The one thing I always do for the past 14 years is I give my niece a unique ornament every year 
for her mother to put away til she's on her own. 
She'll have quite a starter collection and keepsake by then.

It's what my grandmother started with me. 
I have no kids, so I passed it on to niece.


----------



## Alix (Nov 3, 2008)

OOPS! I totally forgot to mention my theme is "early handmedown" with a touch of "make sure the dog/cat won't die if he eats it". LOL, we have no theme. I am decoratively impaired and we just toss things willy nilly til it looks like the Christmas elves threw up on our living room.


----------



## kadesma (Nov 3, 2008)

I love Christmas and enjoy putting up my tree. My oldest daughter always comes and helps with the lights and setting out my angels..My tree is done in silver and gold, crystals, the only colors would be the robes on the angels, we have a lot of balls that are mirrors, lots of icycles and white lights...My dinning room buffet is white and silver  ...I do this mostly for the little ones, you should see the ooo's and ahs when they see it the first time. It's as if it's brand new and you don't mind the work so much. Dh is a darling about helping take it all down so I don't mind and after being sick and wondering if I would even put up a tree last year, I'm looking forward to this year...I'm wishing everyone some joy and peace and a quiet evening just looking at your tree and the flickering lights and remembering how it was when we were children.

kadesma


----------



## pdswife (Nov 3, 2008)

Every year about a million snowmen take over my house around the holidays..
a few of them stay out to make me smile all year long.


----------



## texasgirl (Nov 3, 2008)

Alix said:


> Really Saph? Considered rude by whom? My Dad was a WW2 vet and I never heard him complain about that ever.
> 
> I think TG was just asking what people's themes would be, not when they put up their decorations. I know how staunchly she is behind her country's troops and I would hate for her to get the mistaken impression that you are critical. I know you aren't, so I'm hoping this will clear things up for you both.

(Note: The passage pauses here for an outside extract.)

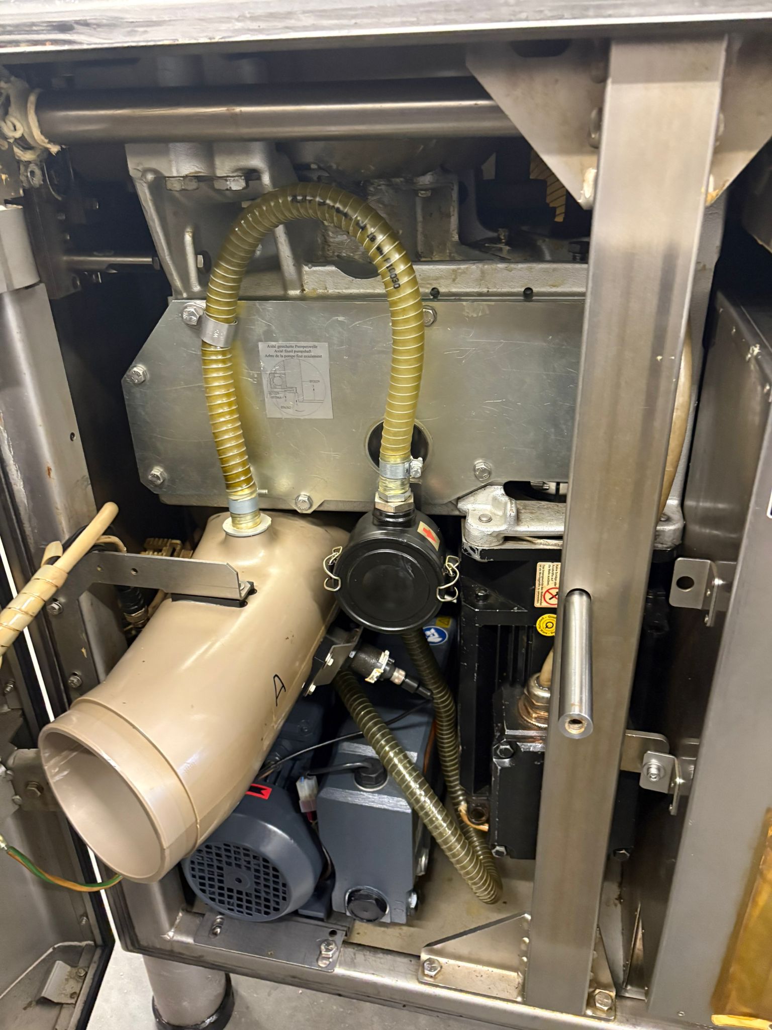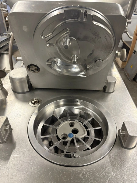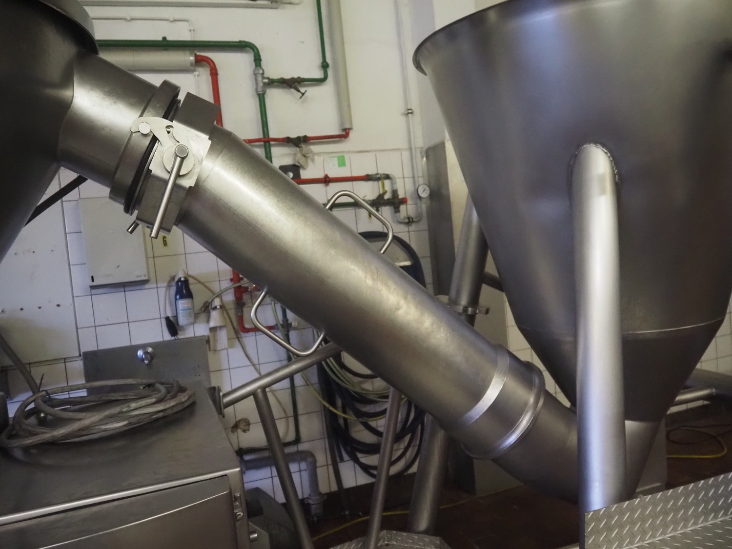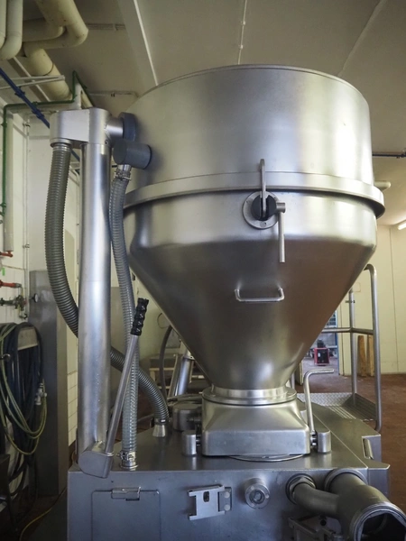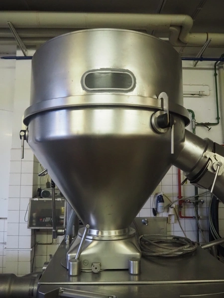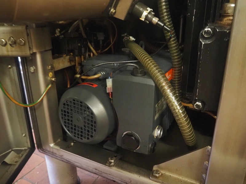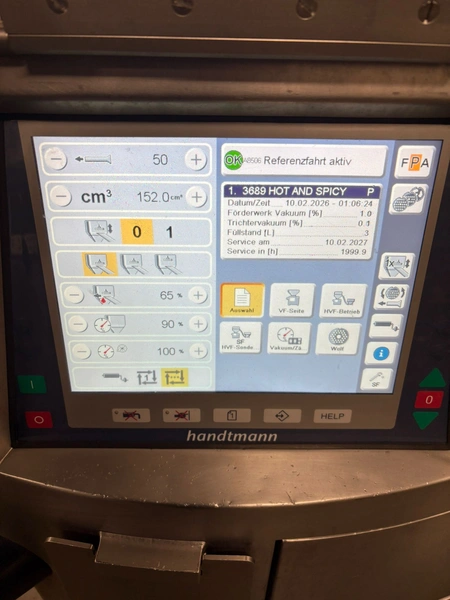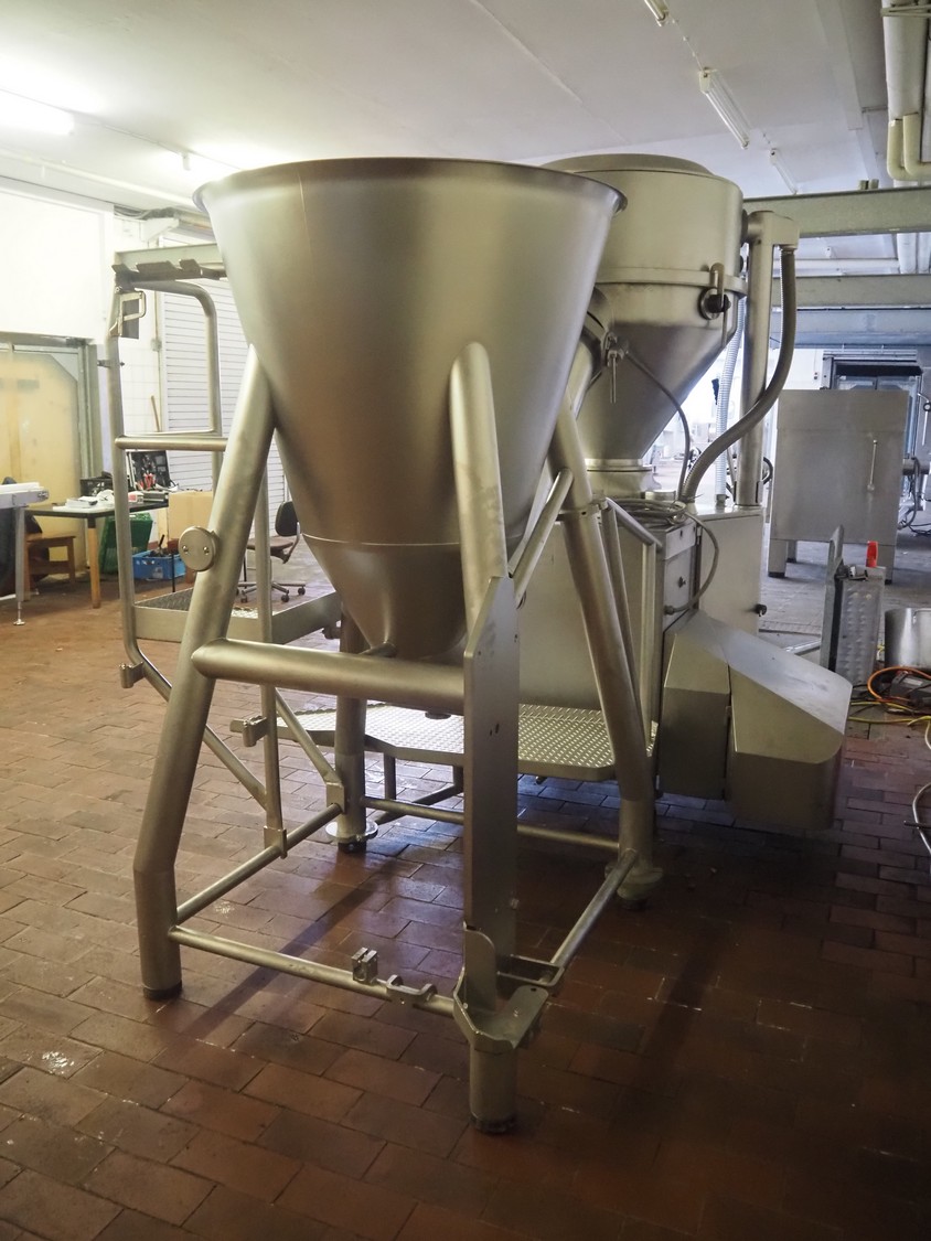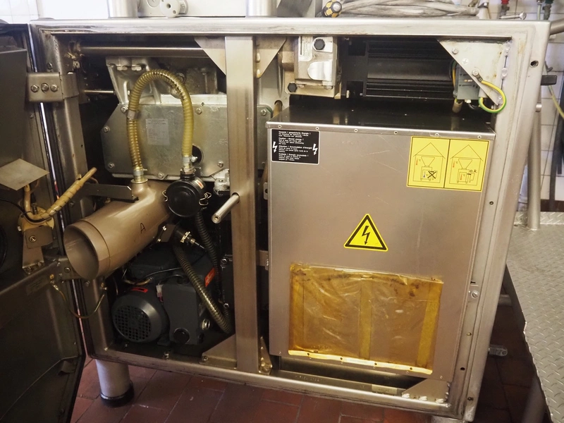 Handtmann high vacuum filling machine with infeed hopper, type: HVF658, number: 31921, year of construction: 2012, 400 V, 3 Ph, 50 Hz, 26 A, 18 kW, Busch vacuum pump, KB 0040 D IZO, number: CZM123380806, capacity: 48 m³ per hour, dimensions: 1660 mm x 1600 mm x 2400 mm, dimensions infeed hopper: 1900 mm x 1550 mm x 2000 mm.

You're beautiful, you know that!?

Saph, I just like to know what other people decorate with. When people put their stuff up is of no interest to me. Everyone does their own thing. I don't put my stuff up until the day after Thanksgiving.
BTW, my daddy was a Vietnam vet and my brother served in the Army, I NEVER forget the men and woman that give me my life. No matter what day it is. I don't feel that Christmas has any affect on that.


----------



## kadesma (Nov 3, 2008)

Stacy, you and Erica could be sisters She is a snowman person..Take her looking at ornaments  and I go for a beautiful angel and guess what my girl comes at me with?  Yep  a chubby little snow person. She just loves them...I just love getting her things for her collection doesn't matter the size, each one is loved  Now her sister, lordy, she drags her feet, til I could wring her neck..I finally had to guilt trip her, saying what about Olivia and Ethan, they need a tree and lights..now it's time to do it again.. Deep breath and get ready ma

kades


----------



## jabbur (Nov 3, 2008)

I don't follow a color theme much but I do like to make my Nativity the centerpiece on the mantle and the tree has a preponderance of angels and sentimental ornaments.  My grandfather made some lovely wooden ornaments and my grandma painted and decorated them plus ones the kids made over the years.


----------



## luvs (Nov 3, 2008)

silver/red bulbs, clear baby lights, also around my ceiling.


----------



## Andy M. (Nov 3, 2008)

I thought Christmas already came with a color theme - red and green!


----------



## LPBeier (Nov 3, 2008)

Saphellae said:


> I don't put up Christmas decorations before remembrance day, it is considered rude. It takes away from their day. I know many soldiers and am related to many, Nick is also one.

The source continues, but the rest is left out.